§ Work to be completed: Leave the pictures aside. Retype exactly the lines from the top of the data below through the one holding "把娃娃菜用开水烫软,蒜和姜剁碎".

[Opening Data block section]

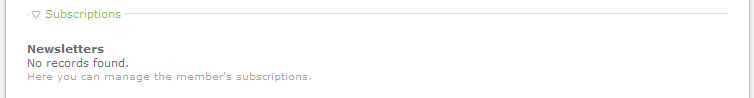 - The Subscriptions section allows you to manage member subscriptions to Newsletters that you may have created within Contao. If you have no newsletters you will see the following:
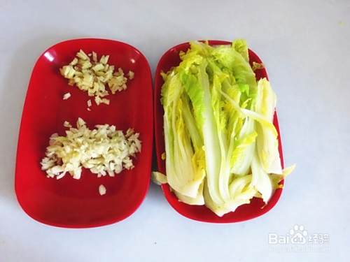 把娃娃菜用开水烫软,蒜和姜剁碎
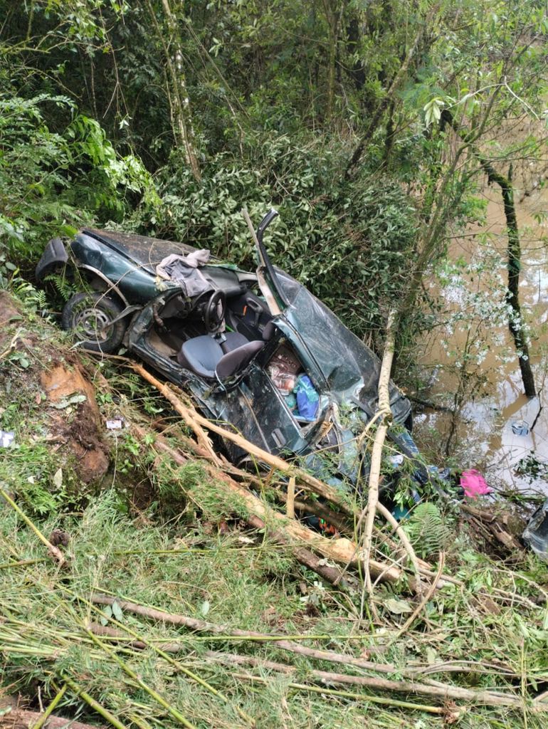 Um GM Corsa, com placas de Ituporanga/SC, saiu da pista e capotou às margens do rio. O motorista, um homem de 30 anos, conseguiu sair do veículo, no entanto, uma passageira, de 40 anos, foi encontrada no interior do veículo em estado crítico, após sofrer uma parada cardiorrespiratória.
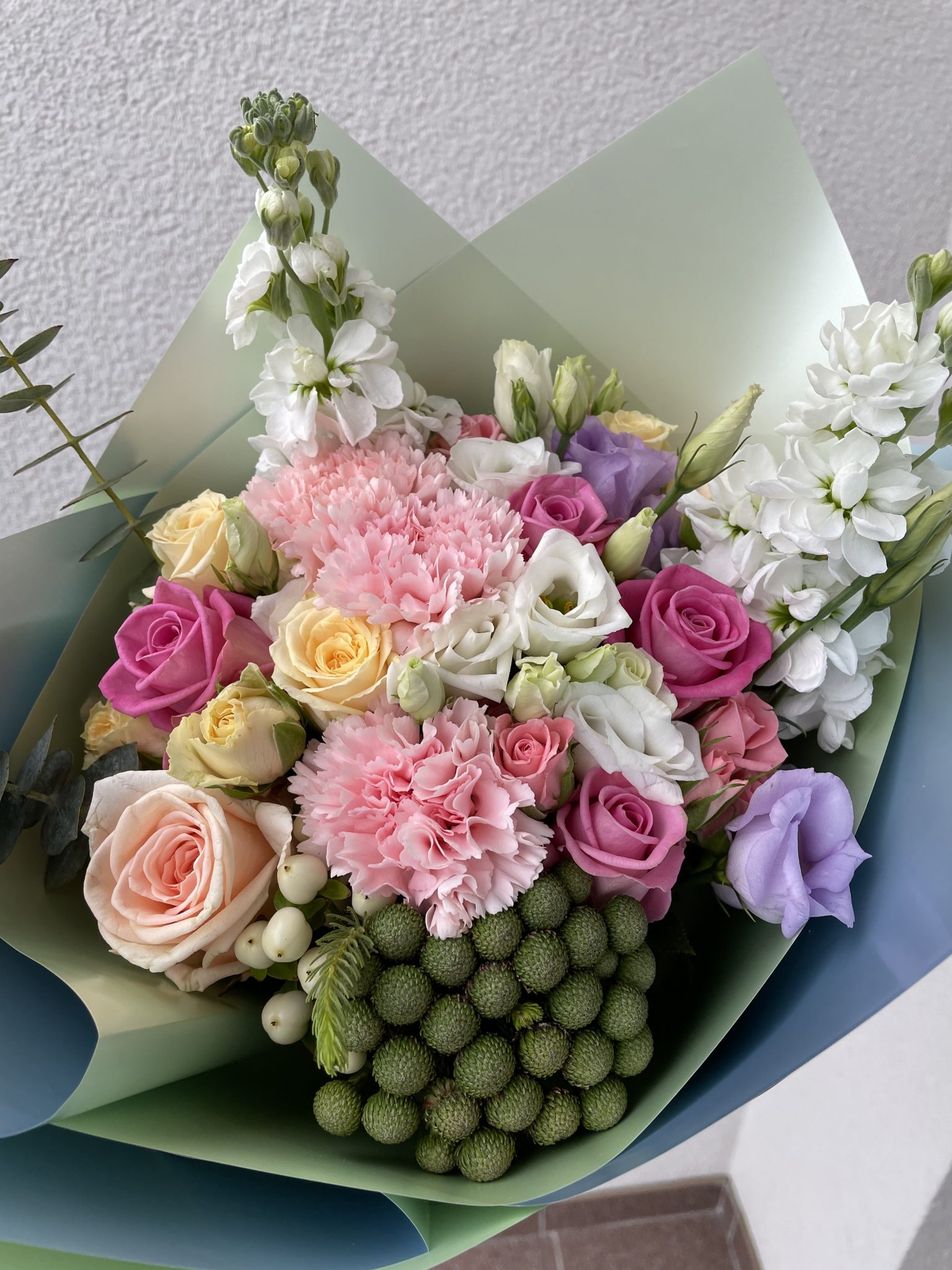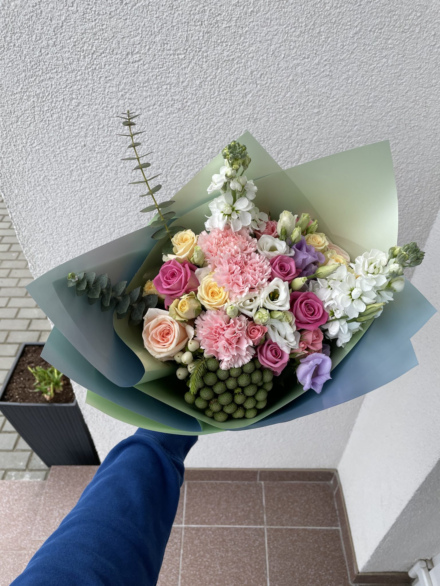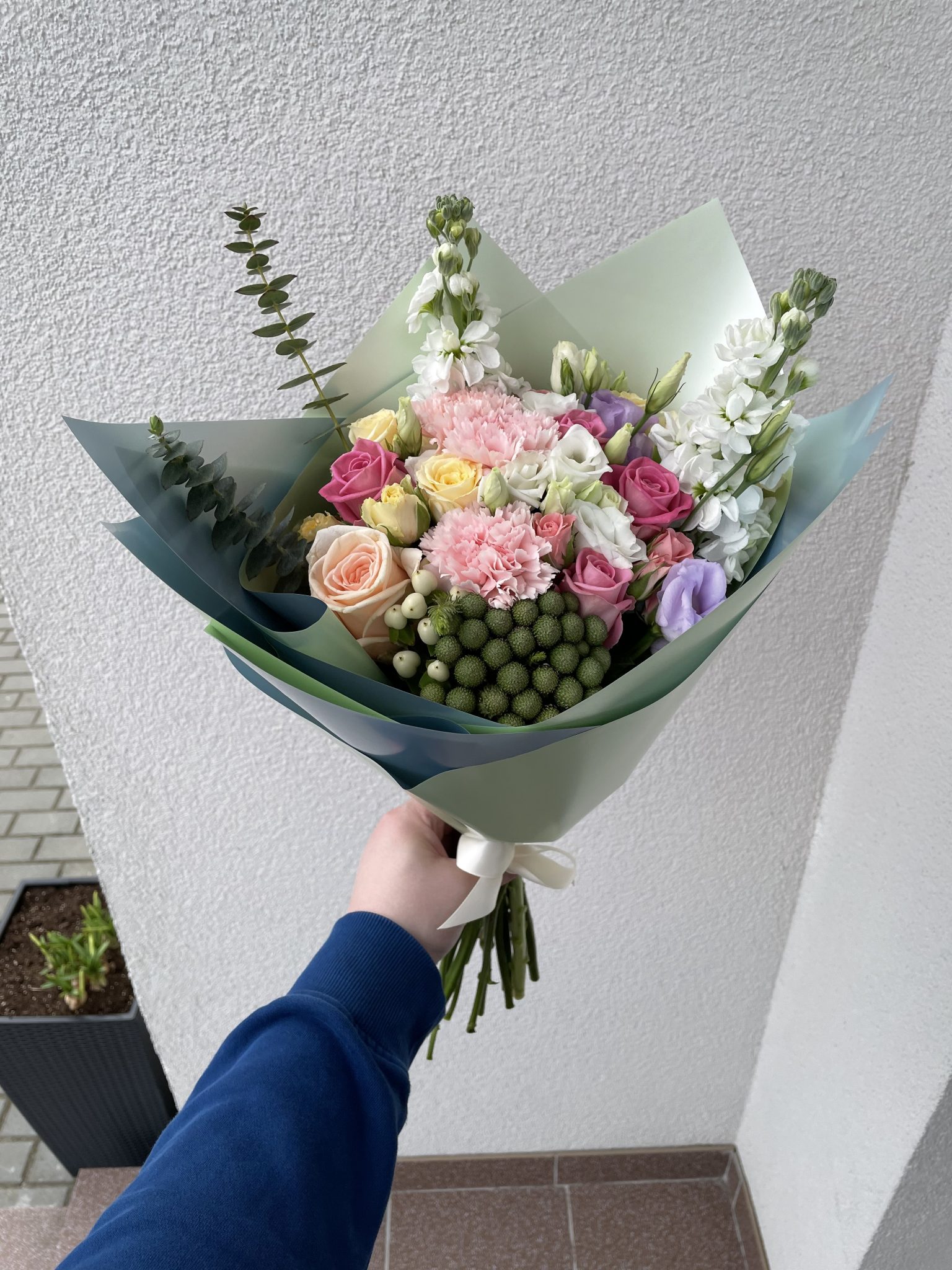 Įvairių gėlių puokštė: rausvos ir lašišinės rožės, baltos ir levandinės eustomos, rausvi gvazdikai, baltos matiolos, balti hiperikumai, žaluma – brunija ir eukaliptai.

[Closing Data block section]

§ Output for this task:
 - The Subscriptions section allows you to manage member subscriptions to Newsletters that you may have created within Contao. If you have no newsletters you will see the following:
 把娃娃菜用开水烫软,蒜和姜剁碎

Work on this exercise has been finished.